Showing posts with label digital nedia. Show all posts
Showing posts with label digital nedia. Show all posts

Wednesday, March 12, 2014

Self Publishing Is Going to Just Get Bigger, Embrace It




Today we face the prospect of drowning in tidal wave self-published eBooks, YouTube videos, photos, independent music videos and tracks etc which are loaded onto sites alongside and often more frequently than traditionally produced works. Historically these self-published works have been regarded by many as substandard works, looked down upon by the traditional marketplace who referred to them by the term ‘vanity publishing’. Some would even still argue that if you can’t get a publisher, producer or third party to publish your work, then it must be of questionable quality and of little value.

Some claim that by 2020 50% of all eBooks will be self-published. We would question that and suggest that it is probably a huge understatement and the figure is more likely to be 75%. However, we have to acknowledge that establishing what is self-published and what isn’t is likely to become even harder as digital tools to create, promote and produce quality layouts become cheaper and easier to use. We also have to accept that there will be a number of new third parties who will assist the creator to be published and although these are not necessarily publishers as we knew them, they are effectively publishers.

Some will point to Anderson’s ‘Long Tail’ economics and say it doesn't work and the head is getting smaller in number and larger in slice of the pie and the tail is now just too long and they will be right MIDiA Consulting have published a new report on the music business titled‘The Death of the Long Tail: The Superstar Music Economy’.  The report states that the total global artist income from recorded music in 2013 was $2.8 billion, down from $3.8 billion in 2000 but up slightly on 2012 and that artists’ share of total income grew from 14% in 2000 to 17% in 2013. It claims that 1% of the total artists and works account for 77% of all artist recorded music income. This reinforced by the ‘Cowell factor’ of manufactured new stars and the charts, but is music just about charts and recorded music or should also not take in music publishing, performing rights and royalties and merchandising. We often just see music through the eyes of the record producers and not the industry and rarely the musicians.

Others will complain that in the book industry earnings for the mid and back list are being decimated by the introduction of masses of self-published material. The earnings will increasingly be different to those enjoyed yesterday and many will not match the author’s expectations. Michael Kozlowski’s recently advocated that in order to address this that ‘Indie eBooks Need to beSegregated’. We would strongly disagree with this reactive and somewhat naïve approach which is aimed at suppressing creativity. Segregation is a false economics move aimed not at segregating good and bad but at protecting yesterday’s financial model and its bets from the new offerings.

The world has changed and the true democratisation of creativity is upon us and this has been enabled by the internet and means that we can all write, make videos, take pictures, create games and make music. Forget the quality issue the fact is that this explosion of material is changing the way we now create, develop, market and value stuff. This genie is not going back in the lamp and we now have to realise that there will be more not less and that new consumer values will change all and that the creator rewards will be different.

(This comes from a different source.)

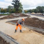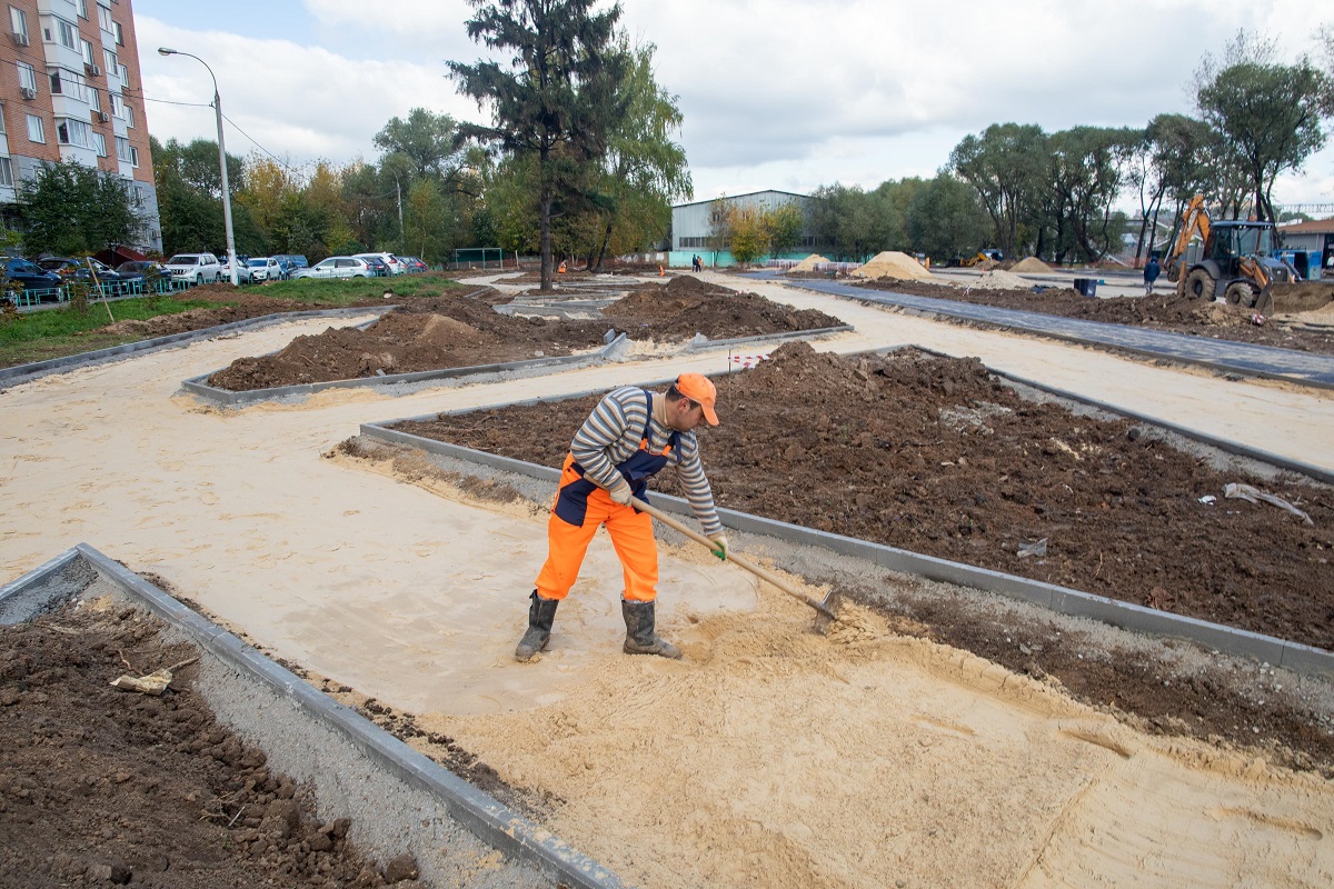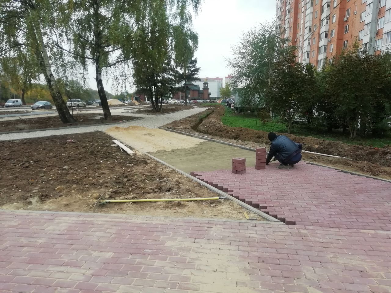 Сегодня на объекте работают 19 человек и 6 единиц техники. В настоящее время там прокладывают траншеи под кабель для столбов освещения. Начали укладывать брусчатку, бетонировать основания под клумбы и подпорные стенки-скамейки. Завершение работ планируется к 15 октября.

Some state that the consumer demands quality and that this can only be achieved through the editorial development process. However there are now many consumer viewpoints and values and these often clash with these traditional binary beliefs. Who would have believed that some low quality YouTube videos would receive the number of viewings they have and gone on to spawn new stars of their own. Who would have expected the global sensation of ’50 Shades of Grey’ and it now being adapted to mainstream film? Would we have ever heard ‘Gangnam Style’ without YouTube? Would performers such as Lilly Allen or the Arctic Monkeys have made it if left to the traditional music business?

We accept that there are millions who don’t make it in both the traditional and self-publishing models but that is no reason to not move on and accept that we are now moving into an era of free expression, creativity and democratisation.